**Exercise description:**
Look through the data below and extract, unchanged, the lines from the one that contains "يرصد منتخبا كولومبيا" to the one that contains "消化道分為上消化道和下消化道", both included.

**Recorded data:**
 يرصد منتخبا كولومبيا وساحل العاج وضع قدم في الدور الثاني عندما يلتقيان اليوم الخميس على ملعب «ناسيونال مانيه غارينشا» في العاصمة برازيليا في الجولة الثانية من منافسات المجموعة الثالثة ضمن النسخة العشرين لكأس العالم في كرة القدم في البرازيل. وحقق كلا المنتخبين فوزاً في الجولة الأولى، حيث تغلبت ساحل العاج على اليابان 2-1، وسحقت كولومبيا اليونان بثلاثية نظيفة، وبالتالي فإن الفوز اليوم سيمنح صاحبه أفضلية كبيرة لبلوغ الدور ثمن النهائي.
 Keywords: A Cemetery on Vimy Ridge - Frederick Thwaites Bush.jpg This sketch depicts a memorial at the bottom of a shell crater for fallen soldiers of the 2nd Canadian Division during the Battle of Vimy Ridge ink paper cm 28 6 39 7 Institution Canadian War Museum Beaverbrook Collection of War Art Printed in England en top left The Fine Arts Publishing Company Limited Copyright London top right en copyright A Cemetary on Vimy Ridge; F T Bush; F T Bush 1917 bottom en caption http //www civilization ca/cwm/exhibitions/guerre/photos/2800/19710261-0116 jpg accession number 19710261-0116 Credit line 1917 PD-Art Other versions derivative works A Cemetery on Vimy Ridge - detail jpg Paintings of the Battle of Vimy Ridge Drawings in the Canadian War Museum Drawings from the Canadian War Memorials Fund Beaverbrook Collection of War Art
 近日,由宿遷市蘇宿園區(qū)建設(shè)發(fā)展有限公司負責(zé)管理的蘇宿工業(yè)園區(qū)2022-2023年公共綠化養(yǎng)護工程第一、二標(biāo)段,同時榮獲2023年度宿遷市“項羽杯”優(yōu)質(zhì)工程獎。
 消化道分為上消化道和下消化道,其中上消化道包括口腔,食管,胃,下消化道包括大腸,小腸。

--

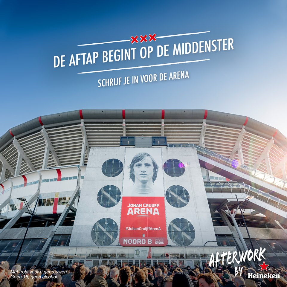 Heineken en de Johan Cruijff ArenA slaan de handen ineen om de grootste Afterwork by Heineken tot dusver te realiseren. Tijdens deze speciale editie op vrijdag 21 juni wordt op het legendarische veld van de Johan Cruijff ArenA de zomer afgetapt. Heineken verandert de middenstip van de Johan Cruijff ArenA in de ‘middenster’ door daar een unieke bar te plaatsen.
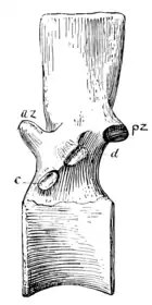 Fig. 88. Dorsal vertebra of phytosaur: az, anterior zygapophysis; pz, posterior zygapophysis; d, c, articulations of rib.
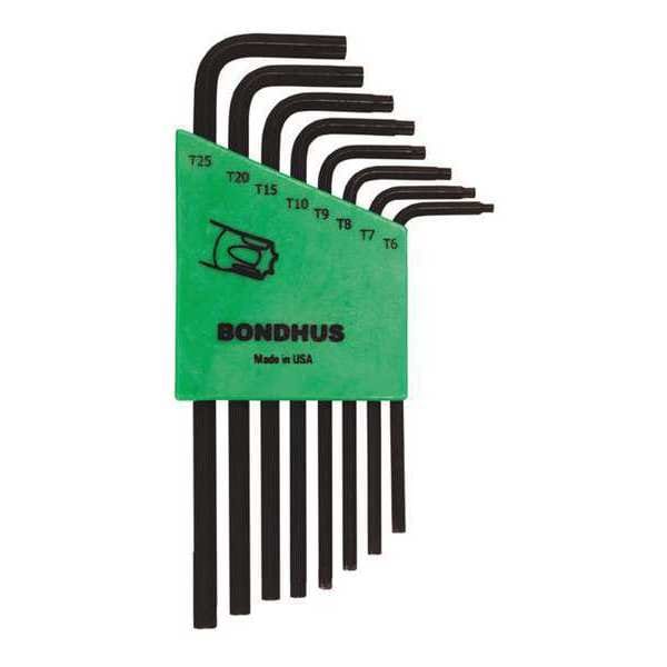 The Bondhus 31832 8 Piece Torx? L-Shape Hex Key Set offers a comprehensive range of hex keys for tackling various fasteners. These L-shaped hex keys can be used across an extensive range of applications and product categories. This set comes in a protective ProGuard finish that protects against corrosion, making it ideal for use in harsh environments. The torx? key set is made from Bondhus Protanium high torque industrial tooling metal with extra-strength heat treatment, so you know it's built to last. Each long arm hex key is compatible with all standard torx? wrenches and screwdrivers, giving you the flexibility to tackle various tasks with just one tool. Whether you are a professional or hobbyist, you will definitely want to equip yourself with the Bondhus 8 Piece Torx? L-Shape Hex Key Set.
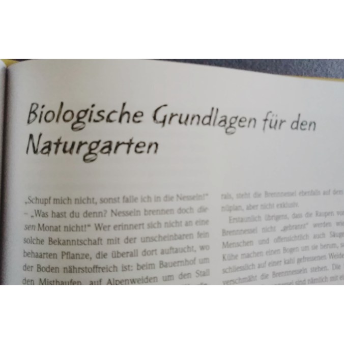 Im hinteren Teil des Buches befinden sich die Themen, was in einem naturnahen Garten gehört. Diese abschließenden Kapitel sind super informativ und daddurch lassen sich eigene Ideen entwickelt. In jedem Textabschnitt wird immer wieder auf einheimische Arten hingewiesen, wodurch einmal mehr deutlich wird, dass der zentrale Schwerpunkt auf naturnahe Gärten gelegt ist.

**Written solution:**
 يرصد منتخبا كولومبيا وساحل العاج وضع قدم في الدور الثاني عندما يلتقيان اليوم الخميس على ملعب «ناسيونال مانيه غارينشا» في العاصمة برازيليا في الجولة الثانية من منافسات المجموعة الثالثة ضمن النسخة العشرين لكأس العالم في كرة القدم في البرازيل. وحقق كلا المنتخبين فوزاً في الجولة الأولى، حيث تغلبت ساحل العاج على اليابان 2-1، وسحقت كولومبيا اليونان بثلاثية نظيفة، وبالتالي فإن الفوز اليوم سيمنح صاحبه أفضلية كبيرة لبلوغ الدور ثمن النهائي.
 Keywords: A Cemetery on Vimy Ridge - Frederick Thwaites Bush.jpg This sketch depicts a memorial at the bottom of a shell crater for fallen soldiers of the 2nd Canadian Division during the Battle of Vimy Ridge ink paper cm 28 6 39 7 Institution Canadian War Museum Beaverbrook Collection of War Art Printed in England en top left The Fine Arts Publishing Company Limited Copyright London top right en copyright A Cemetary on Vimy Ridge; F T Bush; F T Bush 1917 bottom en caption http //www civilization ca/cwm/exhibitions/guerre/photos/2800/19710261-0116 jpg accession number 19710261-0116 Credit line 1917 PD-Art Other versions derivative works A Cemetery on Vimy Ridge - detail jpg Paintings of the Battle of Vimy Ridge Drawings in the Canadian War Museum Drawings from the Canadian War Memorials Fund Beaverbrook Collection of War Art
 近日,由宿遷市蘇宿園區(qū)建設(shè)發(fā)展有限公司負責(zé)管理的蘇宿工業(yè)園區(qū)2022-2023年公共綠化養(yǎng)護工程第一、二標(biāo)段,同時榮獲2023年度宿遷市“項羽杯”優(yōu)質(zhì)工程獎。
 消化道分為上消化道和下消化道,其中上消化道包括口腔,食管,胃,下消化道包括大腸,小腸。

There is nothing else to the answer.